Читать книгу Укротитель баранов - Сергей Рядченко - Страница 9
8
ОглавлениеБарановский закут вдруг, как по мановению, и оно, угадаем, было, взял да опустел. Я усвоил, что людям Баранова присуща грация их полосатых подопечных, и в проворстве с крадучестью они им тоже не уступают, а, если надо (по мановению), то и фору выдадут, не поморщатся.
Тихо, сладко дрых Санька на ворохах.
Уповая, что теперь меня слышит только Баранов и никто другой, я сказал в оправдание:
– Знаешь, Ярик, все эти годы в живых тебя не числил.
Баранов ткнул себе в грудь большим пальцем.

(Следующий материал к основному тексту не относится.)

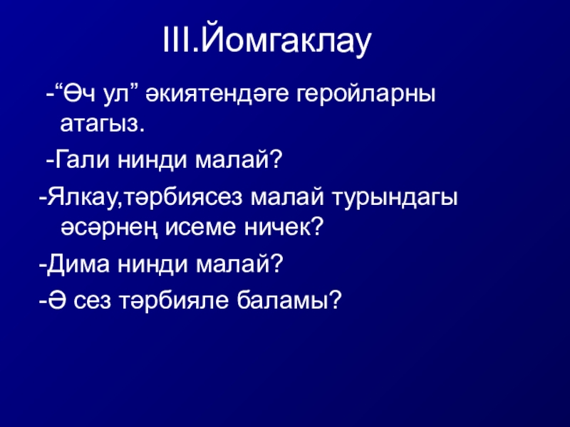 Слайд 23«Өч ул»әкияте.
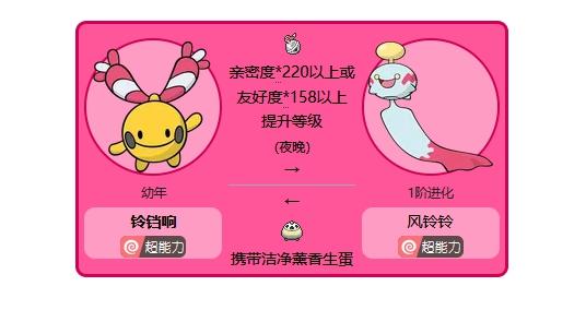 前一阶形态铃铛响,在夜晚(20:00~3:59)亲密度*220或158以上即可进化为风铃铃。
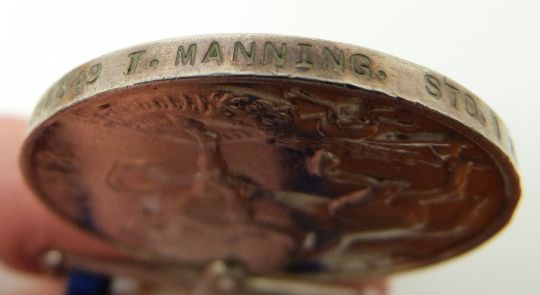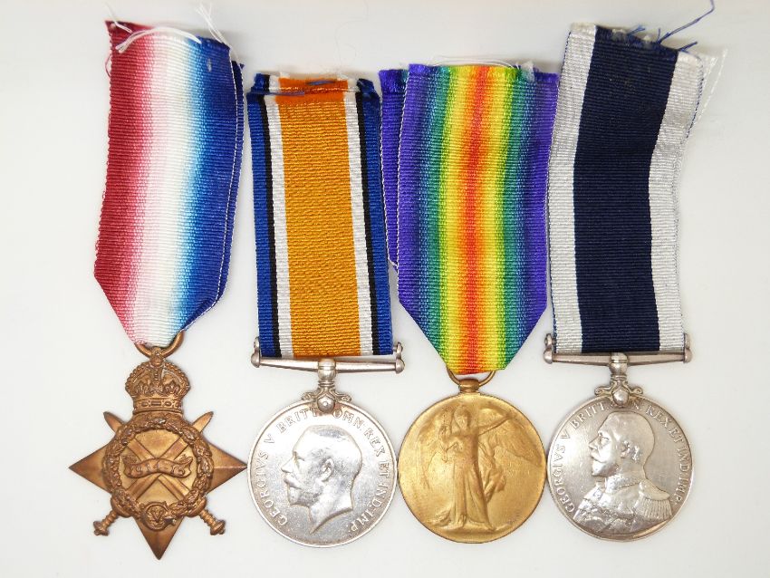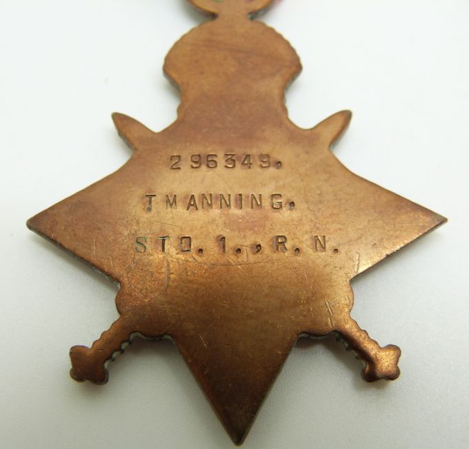 Royal Navy WWI medals comprising 1914/1915 Star, War Medal and Victory Medal named to 296349 T Manning, RN together with his Long Service & Good Conduct Medal (George V), HMS Victory
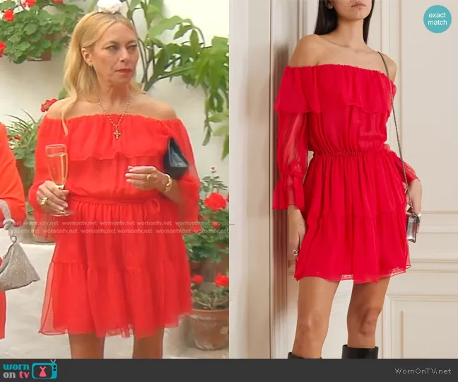 Sutton Stracke on The Real Housewives of Beverly Hills on Bravo was spotted wearing this red off-shoulder chiffon mini dress on The Real Housewives of Beverly Hills on episode 'Ashing It Out' (13x15) in Feb 2024. Sutton's Dress is the Chiffon Mini Dress by Gucci.
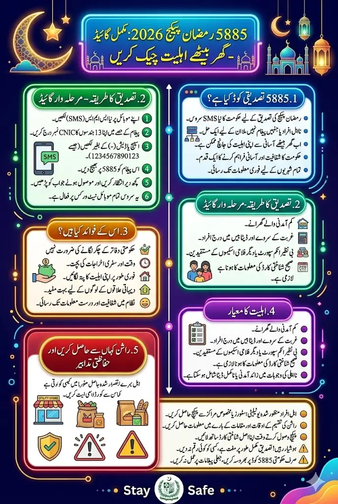 The introduction of the 5885 Ramzan Package verification code is a positive step toward making government relief programs easier and more transparent for the public. Instead of visiting offices repeatedly or waiting for official messages, citizens can now verify their eligibility within seconds using a simple SMS service.
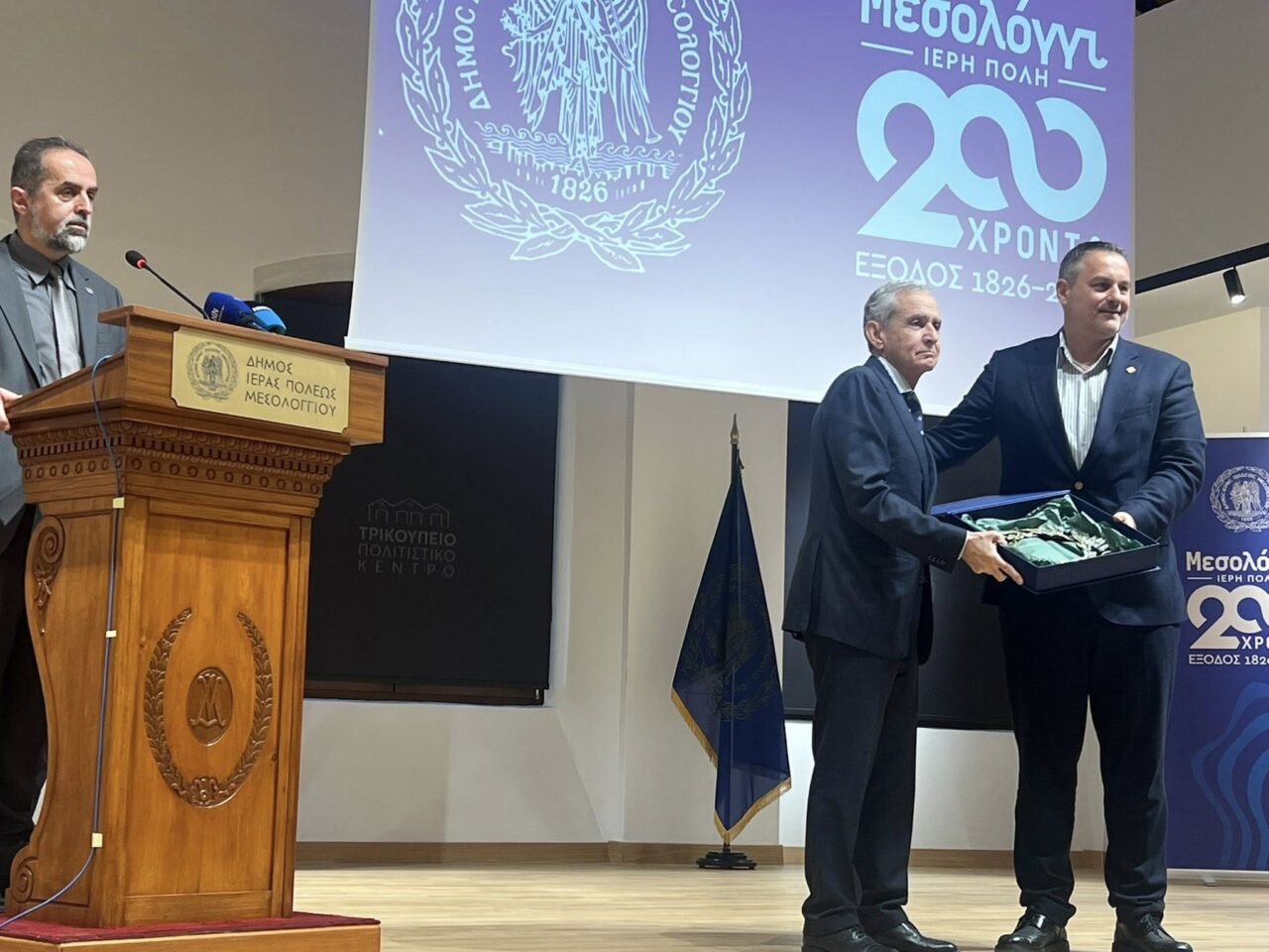 «Σήμερα, Κυριακή 15 Φεβρουαρίου 2026, στο Τρικούπειο Πολιτιστικό Κέντρο, παρέστην κατόπιν τιμητικής προσκλήσεως του Δημάρχου της Ιεράς Πόλεως Μεσολογγίου, Σπυρίδων Διαμαντόπουλος, σε μια ξεχωριστή εκδήλωση αφιερωμένη στη Διακοσιοστή Επέτειο της Εξόδου του Μεσολογγίου.

– Та же фигня, – сказал он. – От надежных людей знал, что тебя…
– Грузом двести?
Дальше мы молчали и глядели друг на друга, как на мрамор из-под рук Микеланджело, и могли бы так глядеть и молчать еще б месяц. Еще бы год. Но Баранова позвали, и я, перемятый виражами, прикорнул на ящике. И приснился мне розовый заяц, он пожаловался с порога: «Я бы так мечтал, чтоб меня называли фокусником, а меня все зовут старый пердун»; он ушел безутешным; а его сменил растущий скандал, где заслуженный Коми-бас выступал монолитом, о который вдребезги сокрушались чьи-то тявканья и амбиции. Скандал и баюкал и теребил, он прельщал и отворачивал; было в нём в полудреме той и сладко и гаденько, как в объятиях с дурнушкой.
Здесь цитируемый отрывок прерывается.